■ **Given information**
=== Section Start ===

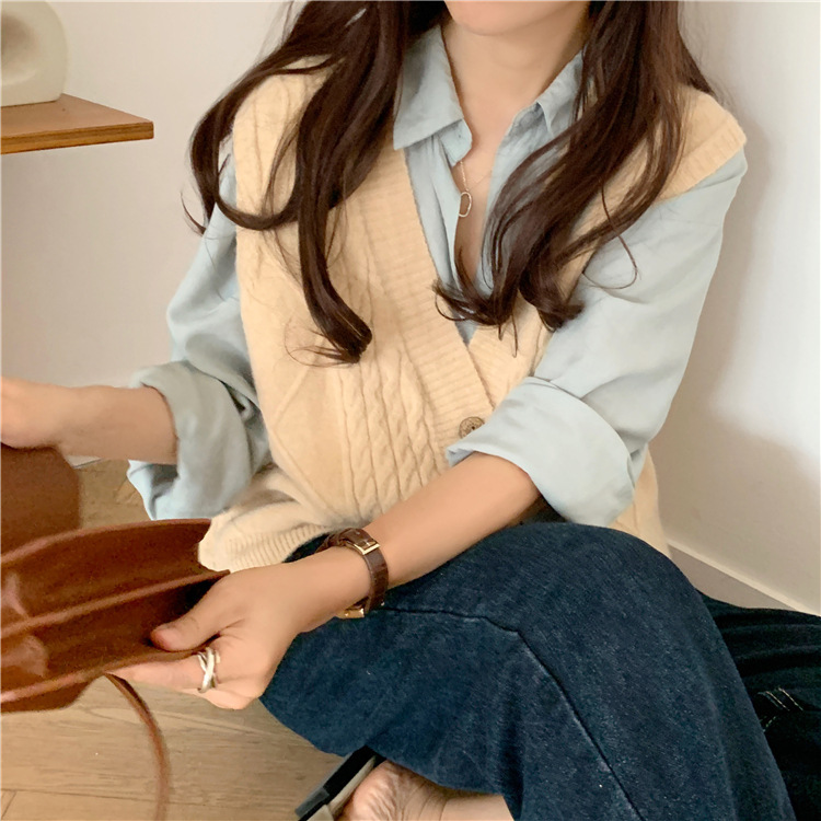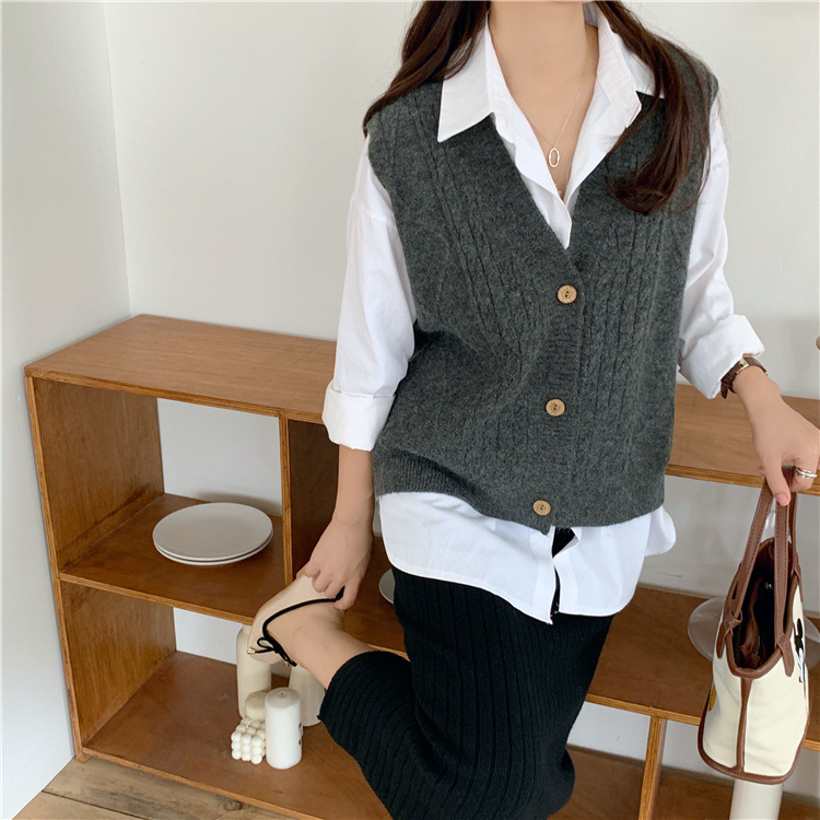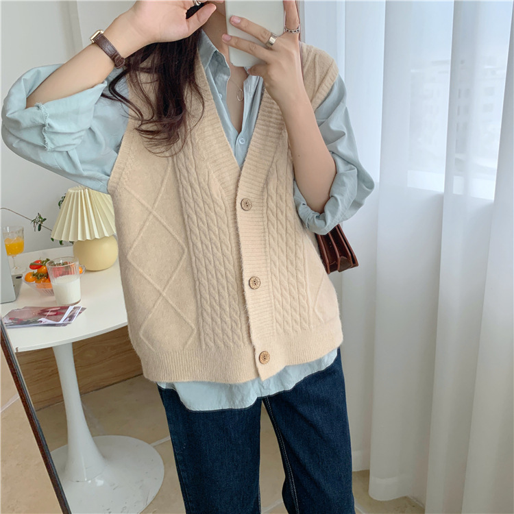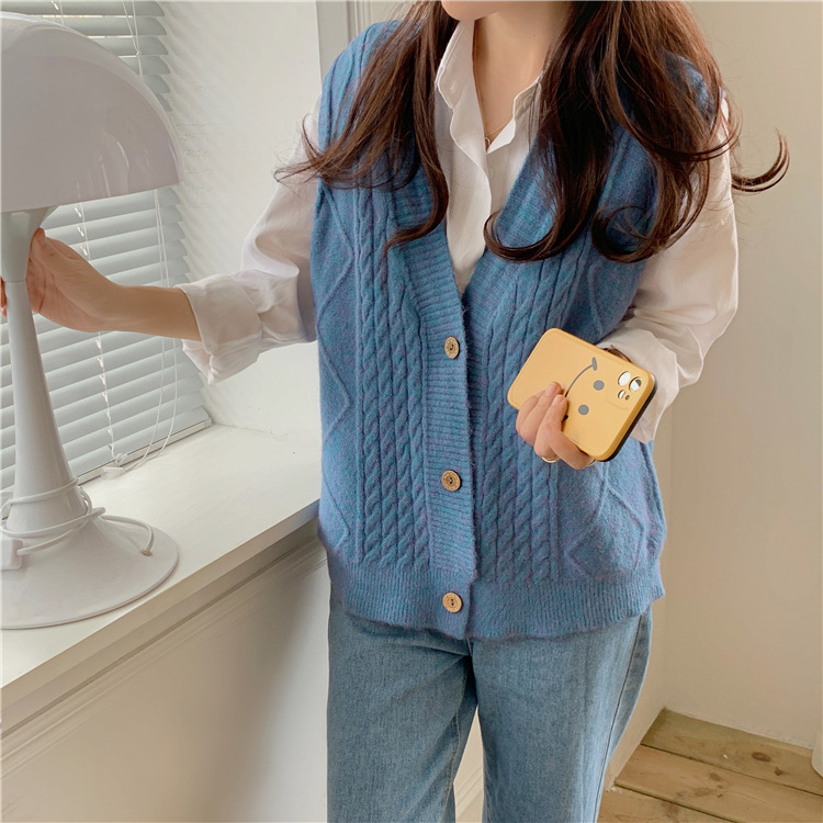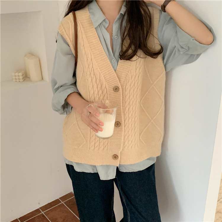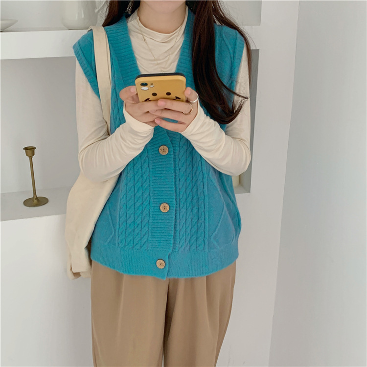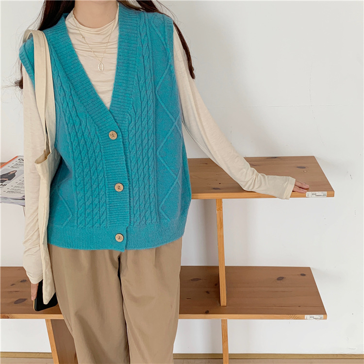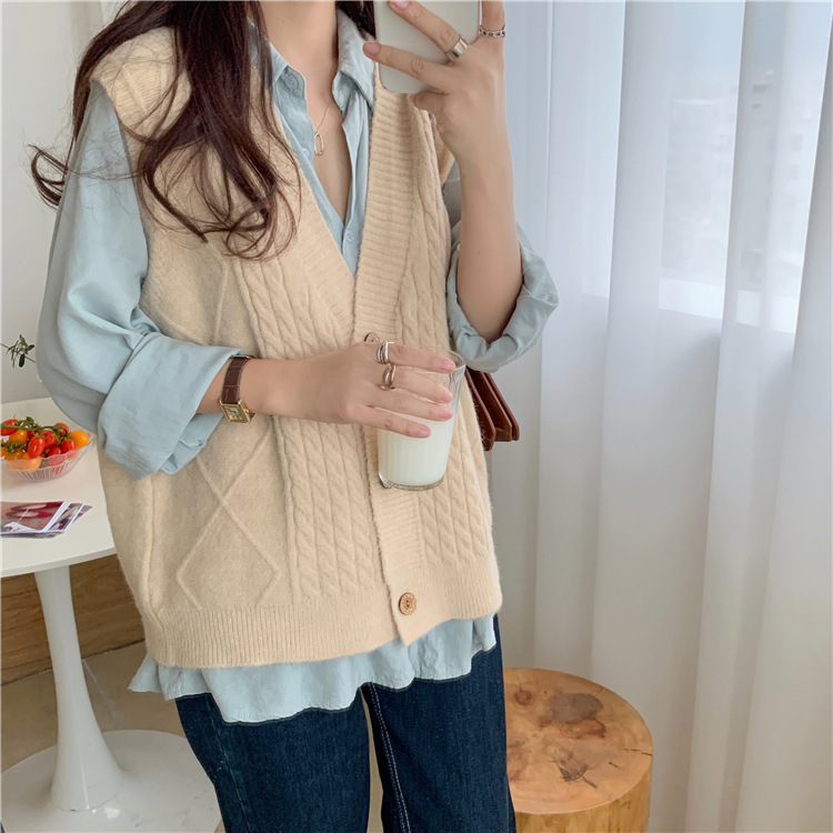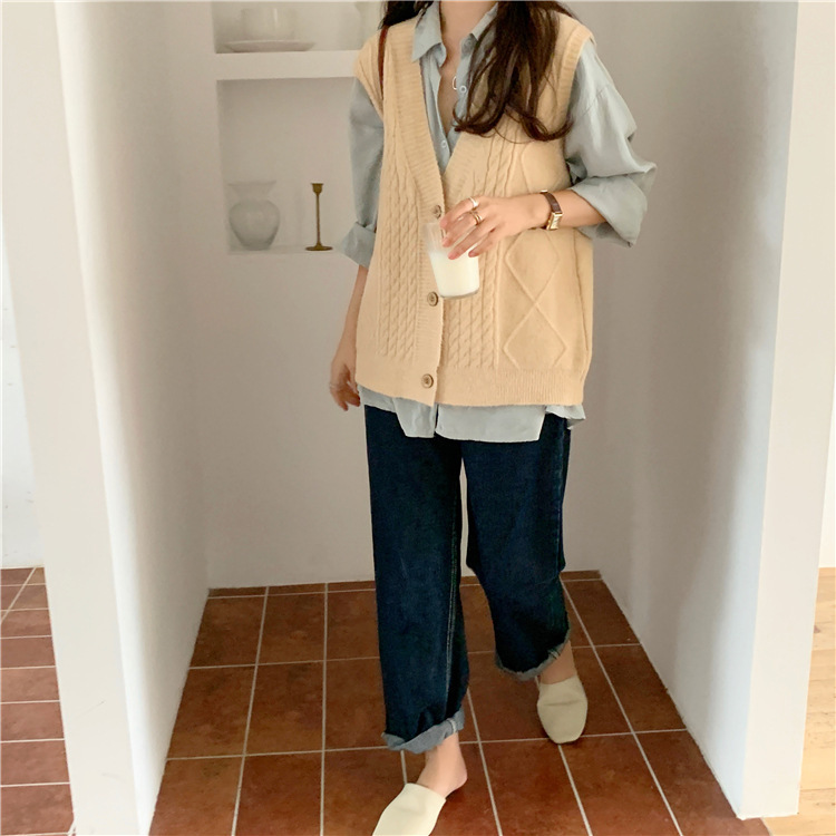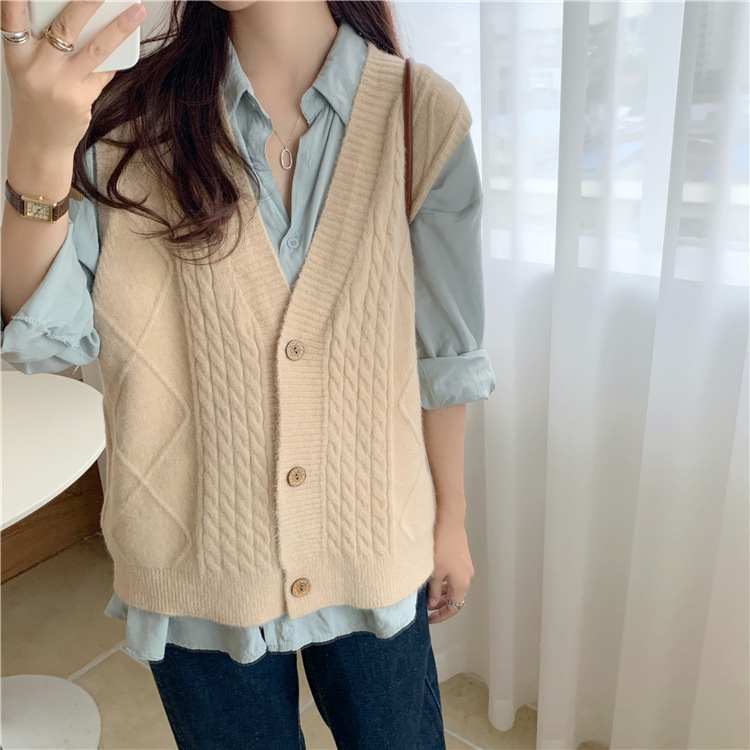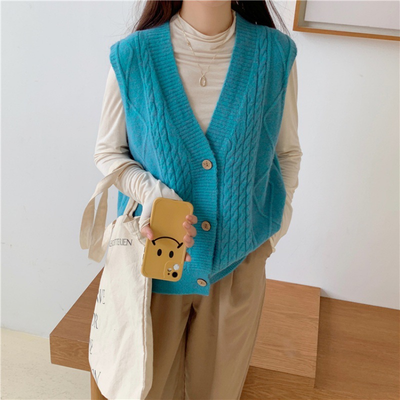 24 초가을 새 여자 스웨터 니트 카디건 조끼 슬리밍 올매치 한국 루즈 V 넥 민소매 여성 탑스토어 가기
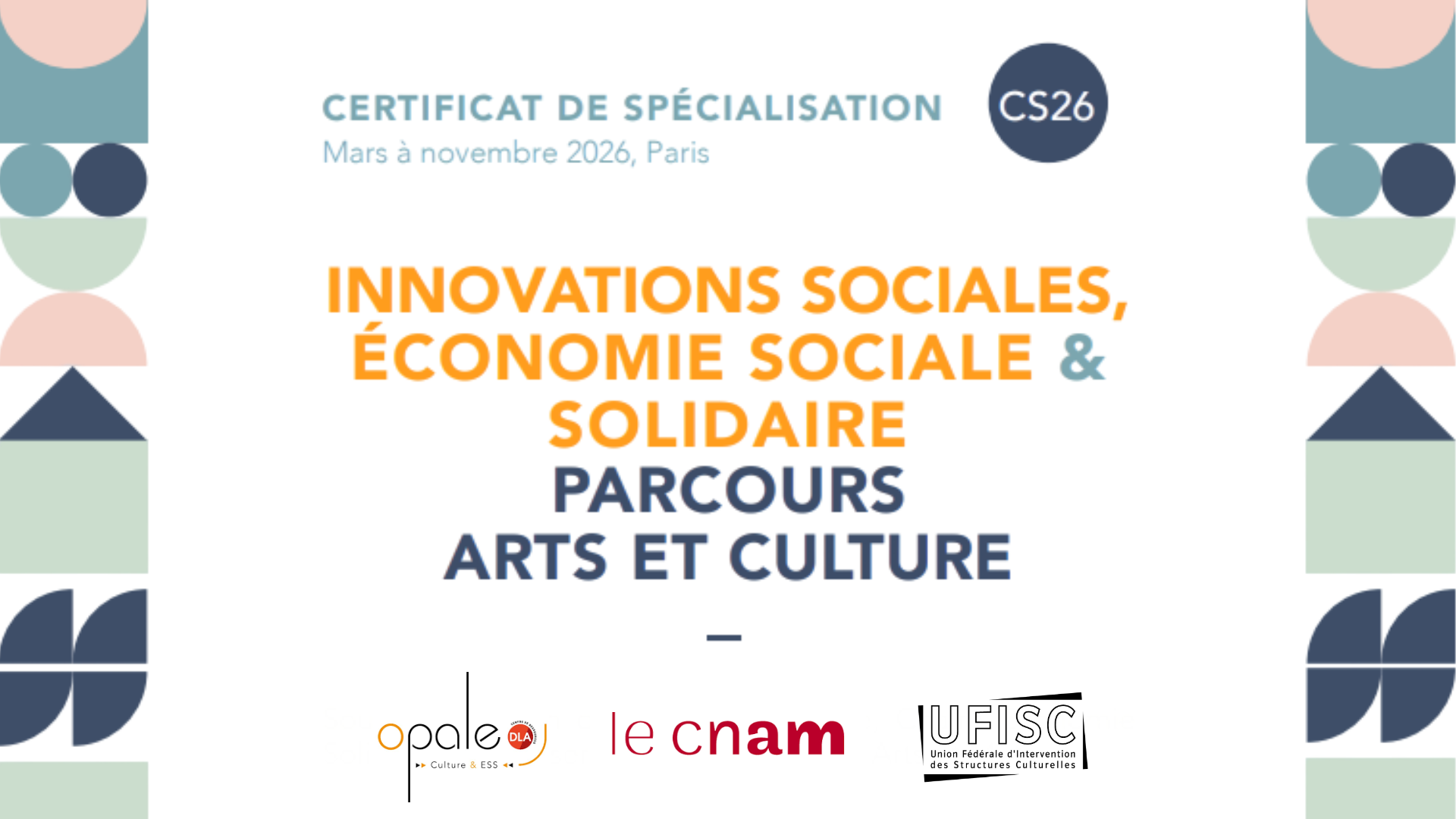 Ce certificat est issu des réflexions menées par le CNAM, Opale, l’UFISC et leurs partenaires sur l’identification des besoins en formation professionnelle sur la thématique culture et ESS, et sur les solutions, démarches et outils à développer pour « une autre économie de l’art et de la culture ».
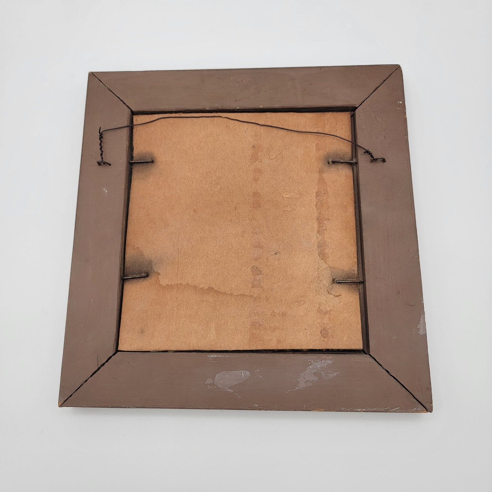 This vintage wall art features a high-relief copper depiction of a nude figure, professionally framed in a 9-inch square wooden frame.
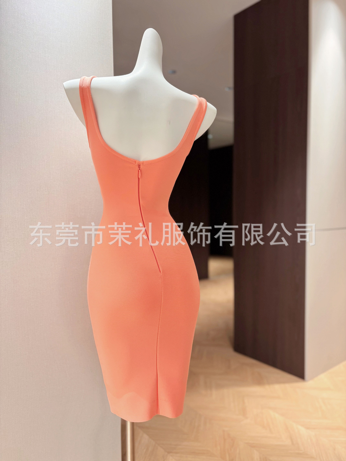 欧美纯欲女装纯色露背收腰紧身包臀绷带裙连衣裙
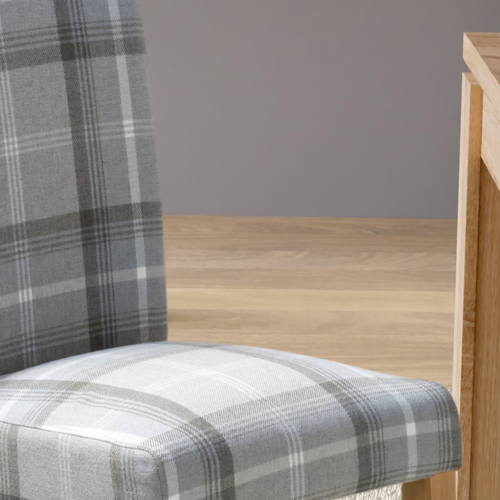 Add a touch of elegance to your dining space with this Set of Two Karta Check Grey Dining Chairs. This classic dining chair features a roll-back design complemented by an upholstered back in a striking grey check fabric. With its sprung and belted seat and natural rubberwood legs, this chair offers comfort and looks. The legs of the chairs are supplied in boxes of two, which require assembly.
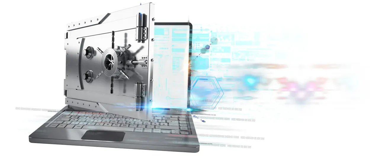 Safe on a laptop. concept of hacking and data security system. 3d rendering

=== Section End ===

■ **What is expected**
The required output is the span of lines from the line with "欧美纯欲女装纯色露背收腰紧身包臀绷带裙连衣裙" through the final line of the listing above, reproduced exactly, minus the pictures.

■ **Exercise solution**
 欧美纯欲女装纯色露背收腰紧身包臀绷带裙连衣裙
 Add a touch of elegance to your dining space with this Set of Two Karta Check Grey Dining Chairs. This classic dining chair features a roll-back design complemented by an upholstered back in a striking grey check fabric. With its sprung and belted seat and natural rubberwood legs, this chair offers comfort and looks. The legs of the chairs are supplied in boxes of two, which require assembly.
 Safe on a laptop. concept of hacking and data security system. 3d rendering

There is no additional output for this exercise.